Children infected with HIV who have delayed cART have neuropsychological (NP) deficits compared with children who initiate cART soon after birth.1,2 Children enrolled in the PREDICT study of immediate versus deferred cART at a median age of 7 years had significantly lower indices of NP functioning than HIV-exposed but uninfected (HEU) children and HIV-unexposed, uninfected (HUU) children, and NP symptoms persisted in the early ART group despite long-term viral suppression.2 Even children from PREDICT with long-term nonprogressive HIV who maintained CD4 T-cell counts >350 cells/mm3 and plasma viral loads <10,000 copies/mL had cognitive deficits and emotional difficulties.3 By contrast, 5-year follow-up of PHIV children enrolled in the CHER study identified some improvement in neurodevelopmental outcomes when cART was initiated within 2 years after birth.4 Together, these studies suggest that children infected with HIV are at risk of delayed or atypical neurodevelopment independent of treatment history.

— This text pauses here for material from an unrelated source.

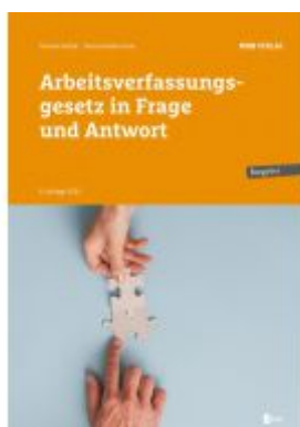
Arbeitsverfassungsgesetz in Frage und Antwort

Thailand and Cambodia were among the first Asian countries where HIV spread among unborn children; approximately 14,800 children and youth aged 19 years and older were living with HIV in 2017.5 Both countries now provide free ART as part of their national program. Unfortunately, little is known about the long-term neurocognitive outcomes among Asian youth who started treatment at variable thresholds of immune compromise when they were younger, given that this cohort is only now reaching older ages in large enough numbers to be studied. Our aim in this article is to compare cognitive and behavioral functioning in a cohort of Thai and Cambodian adolescents who initiated ART during childhood and a group of HEU and HUU youth who served as comparison groups, using a longitudinal design. Identification of risk in cognitive, executive function, or behavioral development among Asian youth with PHIV could be critical to informing efforts to support these youth during their adolescence and transition to adulthood when neurocognitive skills, particularly executive function, play an important role.
METHODS
The Resilience Study enrolled participants from the PREDICT and PREDICT neurodevelopment substudy, which originally enrolled children from 7 sites in Thailand and 2 sites in Cambodia (Fig. 1fig1).2 PHIV and age-/sex-matched HEU and HUU youth, aged 10–24 years, were re-enrolled. Newly identified HEU (n = 40) and HUU (n = 22) youth were recruited to replace healthy youth previously lost to follow-up. The study was approved by the institutional review boards from each site. Written informed consent was obtained from caregivers and youth aged 18 years and older; assent was obtained from all youth younger than 18 years.
Figure 1.
PREDICT, PREDICT Cohort, and RESILIENCE Study flow diagram. ART, antiretroviral therapy. Percentages in square brackets represent the percent of original PREDICT participants subsequently re-enrolled into PREDICT and RESILIENCE Cohorts.
Study Testing Procedures
Youth were assessed at enrollment and then yearly (±3 months) for 3 years. Physical and neurological examinations were performed at each visit. NP testing procedures (detailed below) were chosen to maximize sensitivity to previously identified HIV effects, while preserving high internal and cross-cultural validity. All NP tests were conducted at enrollment with executive function tests and emotional and behavioral functioning assessments repeated yearly. NP tests were administered by staff trained by US and Thai neuropsychologists, and quality assurance was conducted quarterly to reduce evaluator drift. Data accuracy was assured by cross-checking case report forms by designated study monitors.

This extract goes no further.